◆ What you need to do
Reproduce exactly the lines below, from the first through the one containing "3月18日白天,湘北小雨转多", and nothing more.

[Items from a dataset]
--- START ---

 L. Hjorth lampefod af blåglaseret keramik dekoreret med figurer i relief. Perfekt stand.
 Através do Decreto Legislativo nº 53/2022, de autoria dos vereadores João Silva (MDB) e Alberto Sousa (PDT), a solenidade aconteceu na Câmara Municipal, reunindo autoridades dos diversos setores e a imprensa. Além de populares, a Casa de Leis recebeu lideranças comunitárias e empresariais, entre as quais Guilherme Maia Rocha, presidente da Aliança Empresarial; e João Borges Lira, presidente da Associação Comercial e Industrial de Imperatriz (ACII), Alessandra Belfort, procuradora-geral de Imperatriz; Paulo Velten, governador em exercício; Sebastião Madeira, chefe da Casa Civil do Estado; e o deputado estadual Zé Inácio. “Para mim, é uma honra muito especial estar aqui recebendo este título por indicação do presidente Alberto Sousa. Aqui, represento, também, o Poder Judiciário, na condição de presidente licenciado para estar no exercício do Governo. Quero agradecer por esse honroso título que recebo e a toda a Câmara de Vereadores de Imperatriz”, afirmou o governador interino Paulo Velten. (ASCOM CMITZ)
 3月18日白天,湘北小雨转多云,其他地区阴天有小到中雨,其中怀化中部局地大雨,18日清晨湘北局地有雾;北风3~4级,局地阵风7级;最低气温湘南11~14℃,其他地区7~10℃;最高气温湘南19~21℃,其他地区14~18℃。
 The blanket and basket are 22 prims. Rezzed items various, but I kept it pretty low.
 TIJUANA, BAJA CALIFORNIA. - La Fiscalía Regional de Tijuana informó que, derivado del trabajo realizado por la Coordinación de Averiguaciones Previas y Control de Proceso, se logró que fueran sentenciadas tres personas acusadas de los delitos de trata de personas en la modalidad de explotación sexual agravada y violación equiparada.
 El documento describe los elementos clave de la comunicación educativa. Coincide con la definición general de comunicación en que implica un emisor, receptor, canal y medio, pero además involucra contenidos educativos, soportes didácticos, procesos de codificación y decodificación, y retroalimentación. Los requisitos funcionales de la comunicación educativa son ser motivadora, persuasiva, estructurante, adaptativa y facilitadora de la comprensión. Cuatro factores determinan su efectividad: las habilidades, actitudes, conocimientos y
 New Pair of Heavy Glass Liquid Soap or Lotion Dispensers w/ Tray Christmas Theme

--- END ---

◆ Written answer
 L. Hjorth lampefod af blåglaseret keramik dekoreret med figurer i relief. Perfekt stand.
 Através do Decreto Legislativo nº 53/2022, de autoria dos vereadores João Silva (MDB) e Alberto Sousa (PDT), a solenidade aconteceu na Câmara Municipal, reunindo autoridades dos diversos setores e a imprensa. Além de populares, a Casa de Leis recebeu lideranças comunitárias e empresariais, entre as quais Guilherme Maia Rocha, presidente da Aliança Empresarial; e João Borges Lira, presidente da Associação Comercial e Industrial de Imperatriz (ACII), Alessandra Belfort, procuradora-geral de Imperatriz; Paulo Velten, governador em exercício; Sebastião Madeira, chefe da Casa Civil do Estado; e o deputado estadual Zé Inácio. “Para mim, é uma honra muito especial estar aqui recebendo este título por indicação do presidente Alberto Sousa. Aqui, represento, também, o Poder Judiciário, na condição de presidente licenciado para estar no exercício do Governo. Quero agradecer por esse honroso título que recebo e a toda a Câmara de Vereadores de Imperatriz”, afirmou o governador interino Paulo Velten. (ASCOM CMITZ)
 3月18日白天,湘北小雨转多云,其他地区阴天有小到中雨,其中怀化中部局地大雨,18日清晨湘北局地有雾;北风3~4级,局地阵风7级;最低气温湘南11~14℃,其他地区7~10℃;最高气温湘南19~21℃,其他地区14~18℃。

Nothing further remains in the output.